Now I’m 12 weeks postpartum after a homebirth VBAC, or HBAC. So you’d think I’d have gotten over the c-section, but apparently not! I noticed that my first attempts to jog around eight weeks after my daughter’s birth — just a mile and a half or two! and slowly! — had me later feeling like my pelvis was aching. This was not the case with my son. With him, I didn’t try any exercise — or much of anything else — until ten weeks and then went out for four miles and felt great.

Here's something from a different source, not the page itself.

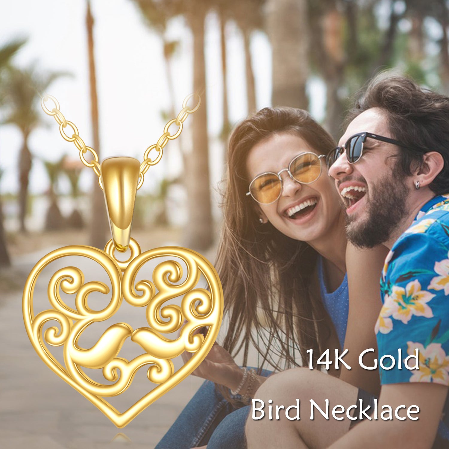 This 14K Gold Bird Ivy Heart Necklace by YFN is a masterpiece designed for women who appreciate timeless elegance and profound symbolism. This intricately crafted Pendant Necklace features a graceful blend of Bird, Ivy, and Heart Motifs, representing freedom, growth, and love. The no-stone design allows the artistry of the 14K Gold craftsmanship to shine, making it a versatile piece that signifies the wearer's elegance and strength, transitioning effortlessly from day to night.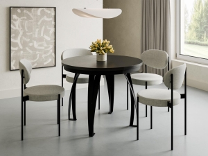 Model dostępny jest w średnicy 100 cm lub 120 cm. Każdy wariant wyposażony jest w dwie wkładki o długości 38 cm, które umożliwiają znaczne powiększenie blatu. Przy średnicy 100 cm wkładki należy przechowywać poza blatem. Czarna, metalowa podstawa z czterema solidnymi nogami zapewnia stabilność konstrukcji oraz swobodę ustawienia krzeseł.

I figured the discomfort was product of the different method of birth and also the fact that, instead of staying home, napping, and healing like I did in 2006, this time I’m running around with a preschooler, volunteering for his school, running a mom’s group, and trying to have something like a freelance writing and editing career. Not much time for rest, and so many things I want to do!

I mentioned all this to Dr. Jennifer Mercier, who was selling her new book Women’s Optimal Pelvic Health with Mercier Therapy just behind our Holistic Moms table at the Freedom for Family Wellness Summit last weekend. She offered to work on me.

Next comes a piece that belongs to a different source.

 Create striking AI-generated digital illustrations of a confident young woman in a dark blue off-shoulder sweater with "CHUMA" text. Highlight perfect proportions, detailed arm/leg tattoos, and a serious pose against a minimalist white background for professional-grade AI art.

Dr. Jennifer Mercier discussing pelvic health

It hadn’t occurred to me that any of my discomfort was related to my c-section scar. I thought it had to do with my pelvis spreading internally. The word that came to mind after I ran or spent a lot of time on my feet was “crushed.” That sounds dramatic, but I felt like my pelvis had been sort of crushed in a car accident years ago and that what I felt was the residual dull ache.

But then she started palpating my scar. It hurt. It was hot, like a muscle with a lot of tension. She noted that my scar was very close to my pubic bone. She worked on it for a few minutes, rubbing it like you would a knot you’re trying to knead out. Then she had me do some resistance exercises. I was on my back with my knees bent, and I tried to pull them together while she tried to push them apart, three times for 10 seconds.

After she was done, she pressed on the scar again and asked how I felt. It didn’t hurt. “If you’re seriously putting the same amount of pressure as you were before, then that is am amazing difference,” I told her. She said she was. And she showed me how to work on my scar myself, by applying pressure and then pulling up and down off the pubic bone.

The next day, we took a long family walk, and I jogged a little bit of it. Zero ache the next day. Seriously. I was pretty impressed.

Dr. Mercier told me she developed her method through the study of osteopathy. I happened to have an appointment a few days later with my osteopath, Dr. D. I told her about my experience a few days earlier. Dr. D. was pulled into my pelvis and told me to put my hands on my scar and imagine pulling up, just energetically, but the same motion Dr. Mercier had recommended.

Through my work with Dr. D, I felt some major releases, and, at one point, like my whole body went light — illuminated — from my scar down and from my scar up — like a bright light moving in both directions from my middle. It was pretty intense, and pretty amazing. I left feeling much less emotional and testy and much more in a place of acceptance than when I walked in (even though I didn’t think any of my crabby mood had anything to do with my surgery four and a half years ago).

I have started reading Dr. Mercier’s book and am going to recommend it to anyone I know who is (or knows someone who is) dealing with infertility or cycle issues.